**Information shown**

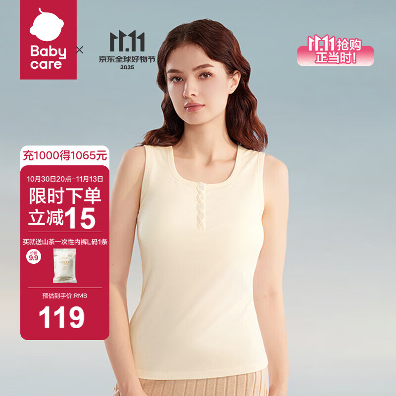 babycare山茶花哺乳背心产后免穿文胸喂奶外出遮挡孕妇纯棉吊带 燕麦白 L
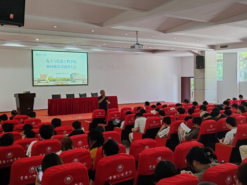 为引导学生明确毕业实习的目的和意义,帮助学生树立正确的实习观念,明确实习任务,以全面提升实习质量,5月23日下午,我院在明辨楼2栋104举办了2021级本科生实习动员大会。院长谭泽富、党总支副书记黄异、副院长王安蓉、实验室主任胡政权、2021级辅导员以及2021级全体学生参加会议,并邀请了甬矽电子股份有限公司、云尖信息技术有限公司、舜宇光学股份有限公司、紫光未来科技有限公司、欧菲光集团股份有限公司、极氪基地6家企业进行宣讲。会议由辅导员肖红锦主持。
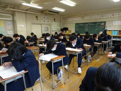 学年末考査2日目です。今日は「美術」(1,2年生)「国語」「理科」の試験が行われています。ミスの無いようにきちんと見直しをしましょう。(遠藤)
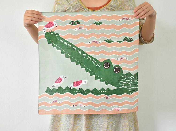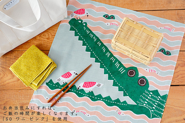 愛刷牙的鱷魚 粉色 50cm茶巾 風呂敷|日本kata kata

**Work instruction**
Each line above gets copied exactly; leave the pictures out.

**Task output**
 babycare山茶花哺乳背心产后免穿文胸喂奶外出遮挡孕妇纯棉吊带 燕麦白 L
 为引导学生明确毕业实习的目的和意义,帮助学生树立正确的实习观念,明确实习任务,以全面提升实习质量,5月23日下午,我院在明辨楼2栋104举办了2021级本科生实习动员大会。院长谭泽富、党总支副书记黄异、副院长王安蓉、实验室主任胡政权、2021级辅导员以及2021级全体学生参加会议,并邀请了甬矽电子股份有限公司、云尖信息技术有限公司、舜宇光学股份有限公司、紫光未来科技有限公司、欧菲光集团股份有限公司、极氪基地6家企业进行宣讲。会议由辅导员肖红锦主持。
 学年末考査2日目です。今日は「美術」(1,2年生)「国語」「理科」の試験が行われています。ミスの無いようにきちんと見直しをしましょう。(遠藤)
 愛刷牙的鱷魚 粉色 50cm茶巾 風呂敷|日本kata kata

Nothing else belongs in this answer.